:: SUPPLIED INFORMATION
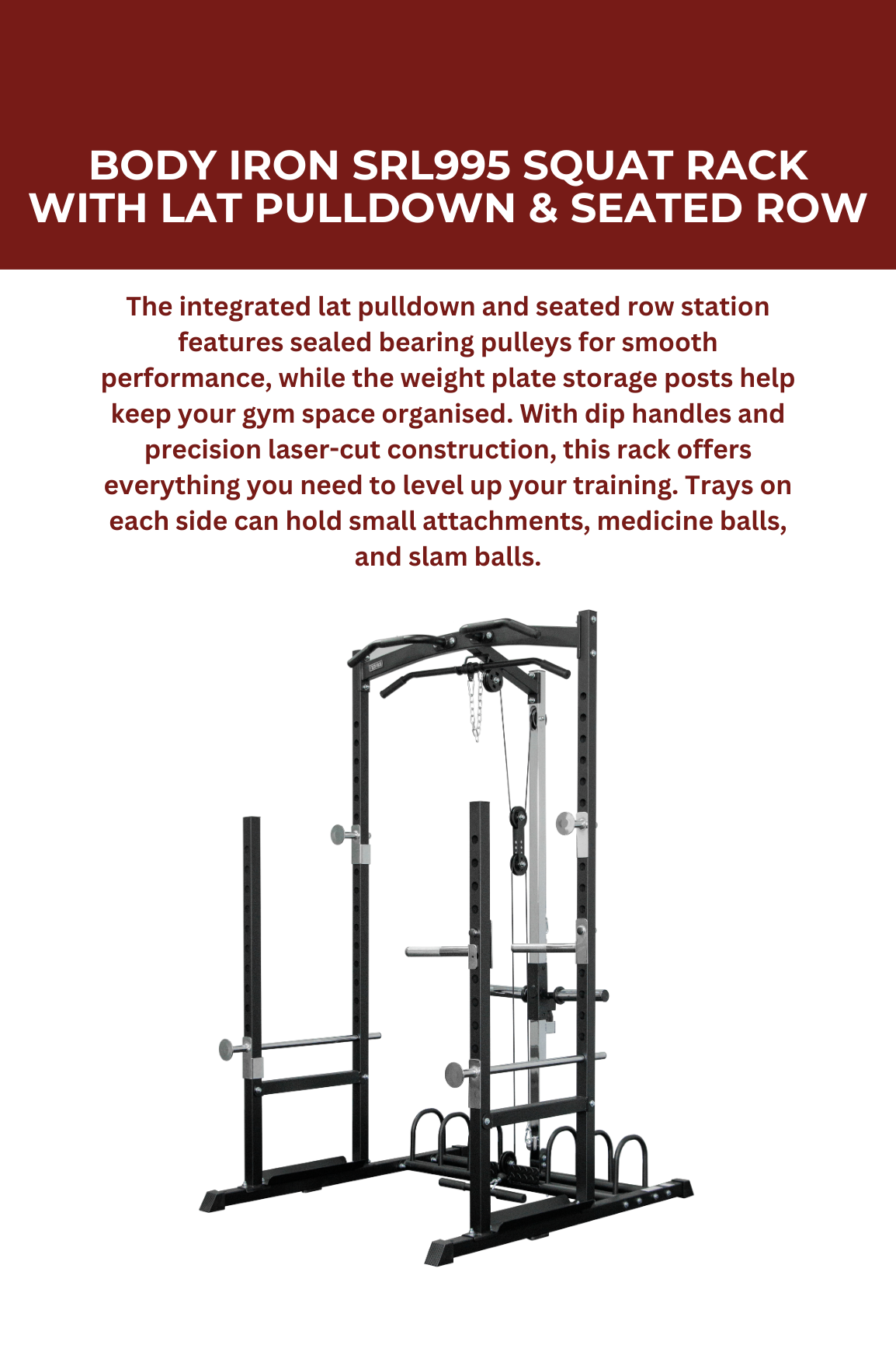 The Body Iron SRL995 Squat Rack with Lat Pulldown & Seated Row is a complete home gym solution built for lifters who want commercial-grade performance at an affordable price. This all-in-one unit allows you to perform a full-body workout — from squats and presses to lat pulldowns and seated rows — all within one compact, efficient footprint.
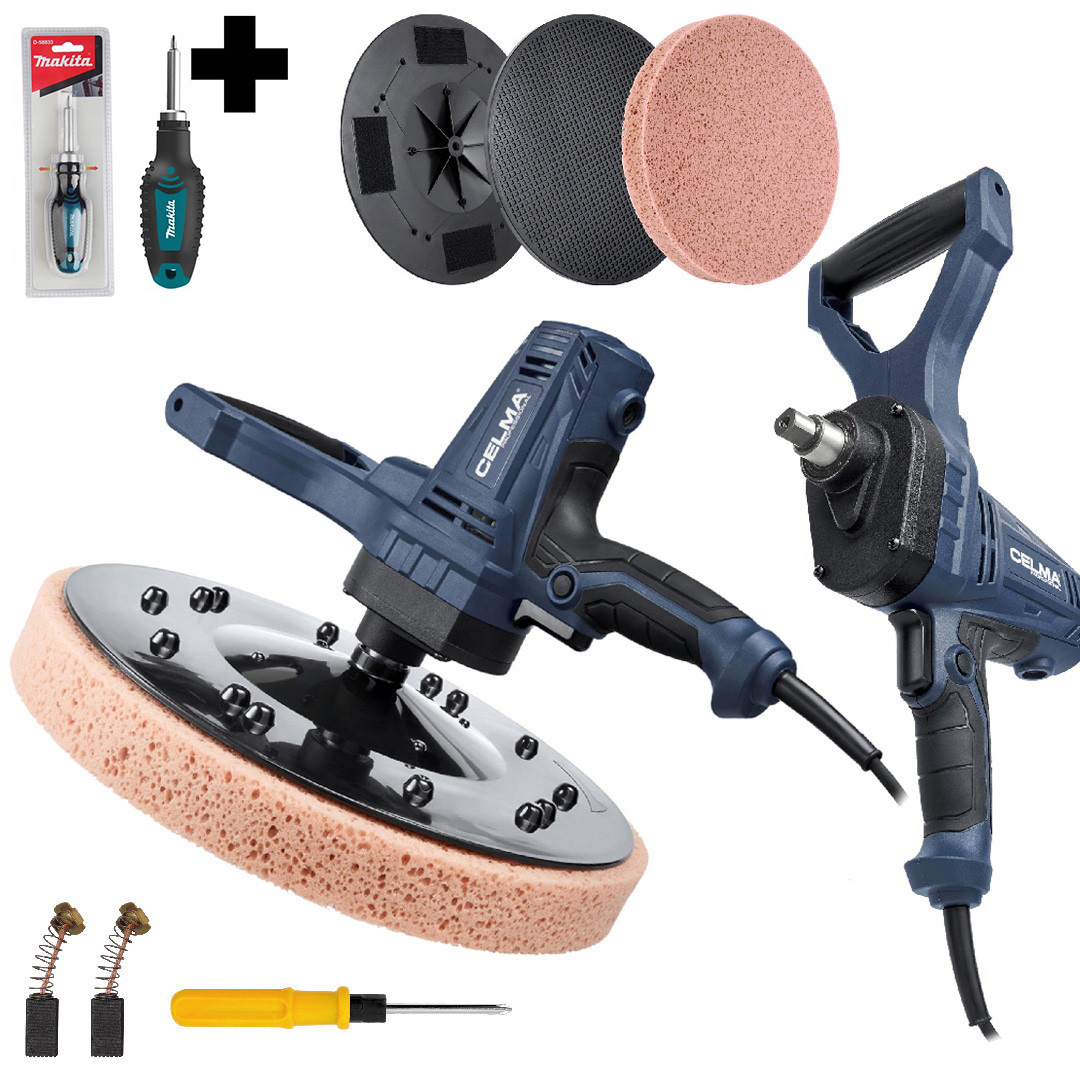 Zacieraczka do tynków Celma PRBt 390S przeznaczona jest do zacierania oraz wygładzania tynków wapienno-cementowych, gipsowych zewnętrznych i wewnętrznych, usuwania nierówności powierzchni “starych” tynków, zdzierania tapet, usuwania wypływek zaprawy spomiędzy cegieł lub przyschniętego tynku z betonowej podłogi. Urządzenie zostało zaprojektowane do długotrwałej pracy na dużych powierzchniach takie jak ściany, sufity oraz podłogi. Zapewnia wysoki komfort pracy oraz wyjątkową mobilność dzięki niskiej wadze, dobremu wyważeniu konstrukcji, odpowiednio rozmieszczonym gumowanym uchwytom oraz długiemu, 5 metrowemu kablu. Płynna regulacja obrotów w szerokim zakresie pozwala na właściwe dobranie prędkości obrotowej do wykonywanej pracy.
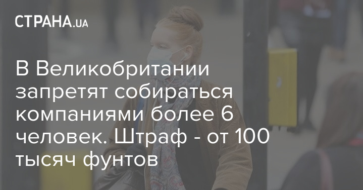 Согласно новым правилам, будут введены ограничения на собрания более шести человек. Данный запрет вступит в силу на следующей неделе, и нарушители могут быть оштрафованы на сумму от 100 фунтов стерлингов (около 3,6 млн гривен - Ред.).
::::
**YOUR INSTRUCTIONS**
What you give back must be the data above, reproduced exactly and free of pictures.

**SOLUTION FOR THIS EXERCISE**
 The Body Iron SRL995 Squat Rack with Lat Pulldown & Seated Row is a complete home gym solution built for lifters who want commercial-grade performance at an affordable price. This all-in-one unit allows you to perform a full-body workout — from squats and presses to lat pulldowns and seated rows — all within one compact, efficient footprint.
 Zacieraczka do tynków Celma PRBt 390S przeznaczona jest do zacierania oraz wygładzania tynków wapienno-cementowych, gipsowych zewnętrznych i wewnętrznych, usuwania nierówności powierzchni “starych” tynków, zdzierania tapet, usuwania wypływek zaprawy spomiędzy cegieł lub przyschniętego tynku z betonowej podłogi. Urządzenie zostało zaprojektowane do długotrwałej pracy na dużych powierzchniach takie jak ściany, sufity oraz podłogi. Zapewnia wysoki komfort pracy oraz wyjątkową mobilność dzięki niskiej wadze, dobremu wyważeniu konstrukcji, odpowiednio rozmieszczonym gumowanym uchwytom oraz długiemu, 5 metrowemu kablu. Płynna regulacja obrotów w szerokim zakresie pozwala na właściwe dobranie prędkości obrotowej do wykonywanej pracy.
 Согласно новым правилам, будут введены ограничения на собрания более шести человек. Данный запрет вступит в силу на следующей неделе, и нарушители могут быть оштрафованы на сумму от 100 фунтов стерлингов (около 3,6 млн гривен - Ред.).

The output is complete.